De man verzoekt de vrouw niet-ontvankelijk te verklaren in haar incidenteel appel, dan wel alle grieven van de vrouw ongegrond te verklaren, althans af te wijzen.

5.De motivering van de beslissing

Inleiding
5.1.
Het hof zal in het navolgende per onderwerp ingaan op de aangevoerde grieven en verweren. Allereerst zal het hof ingaan op een procesrechtelijk punt.

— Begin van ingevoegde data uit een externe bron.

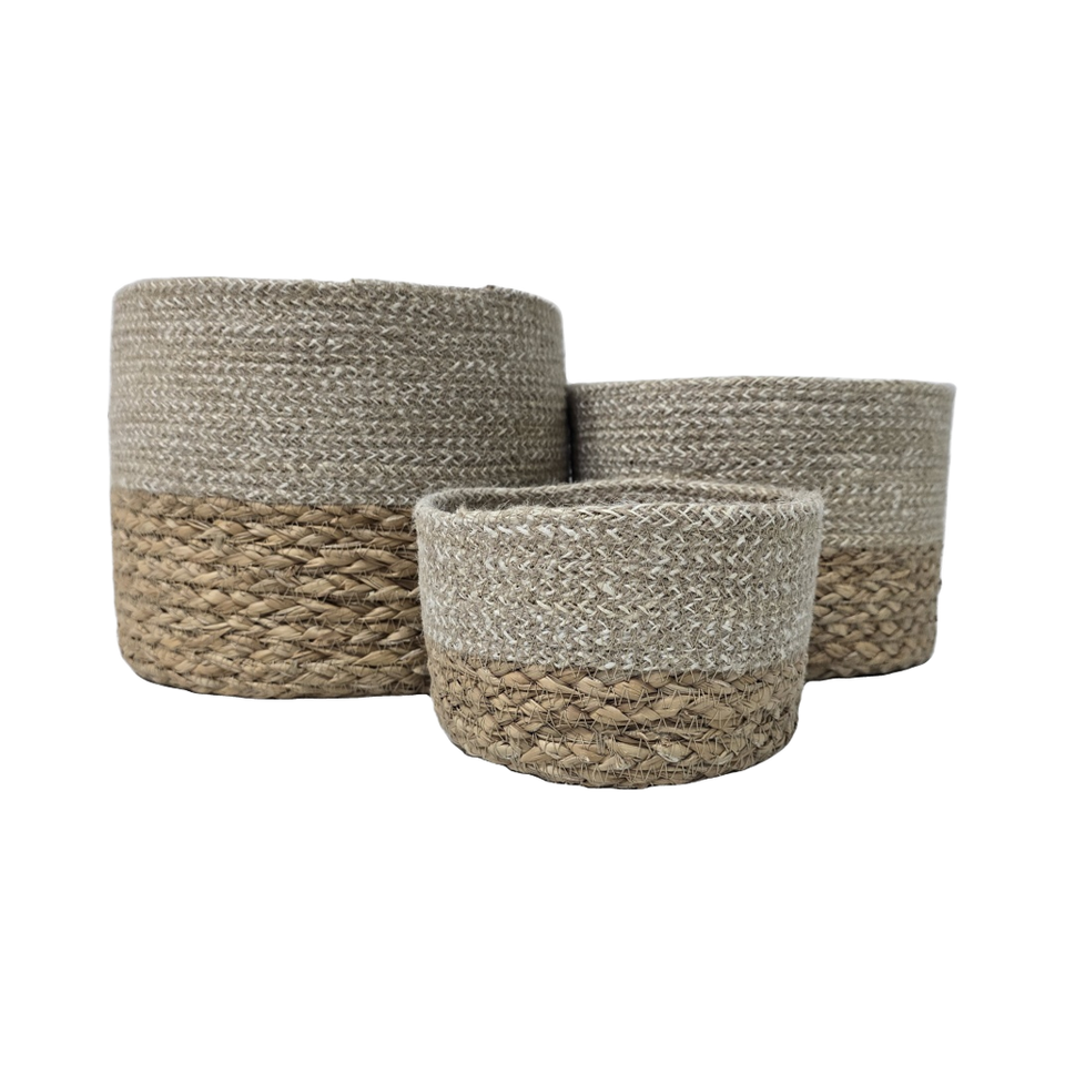 3pcs Home Organization Storage Basket Set Rattan and Woven Baskets with Handles Metal Wire Bamboo Material for Household Use

Verandering en vermeerdering verzoeken
5.2.
De vrouw heeft bezwaar gemaakt tegen het stuk ingediend door de man op 31 januari 2023, inhoudende een verandering en vermeerdering van het verzoek alsmede een aanvulling van de gronden.
5.3.
Ingevolge artikel 283 in samenhang met artikel 353 van het Wetboek van Burgerlijke Rechtsvordering (Rv) is zolang de rechter nog geen eindbeschikking heeft gegeven, de verzoeker bevoegd het verzoek of de gronden daarvan te verminderen, dan wel schriftelijk te veranderen of te vermeerderen. De rechter kan een wijziging buiten beschouwing laten indien dit strijd oplevert met de goede procesorde. Voorts geldt in hoger beroep op grond van artikel 347 lid 1 Rv de twee-conclusieregel. Deze regel houdt in dat partijen in beginsel alle stellingen moeten aanvoeren in het hoger beroepschrift respectievelijk het verweerschrift in hoger beroep.
5.4.
Het hof stelt vast dat in het stuk van 31 januari 2023 geen nieuwe grieven zijn geformuleerd. De man heeft enkel een kennelijke verschrijving verbeterd en het verzoek tot proceskostenveroordeling toegevoegd. Naar het oordeel van het hof levert dit geen strijd op met de goede procesorde. Het stuk zal dan ook worden toegelaten.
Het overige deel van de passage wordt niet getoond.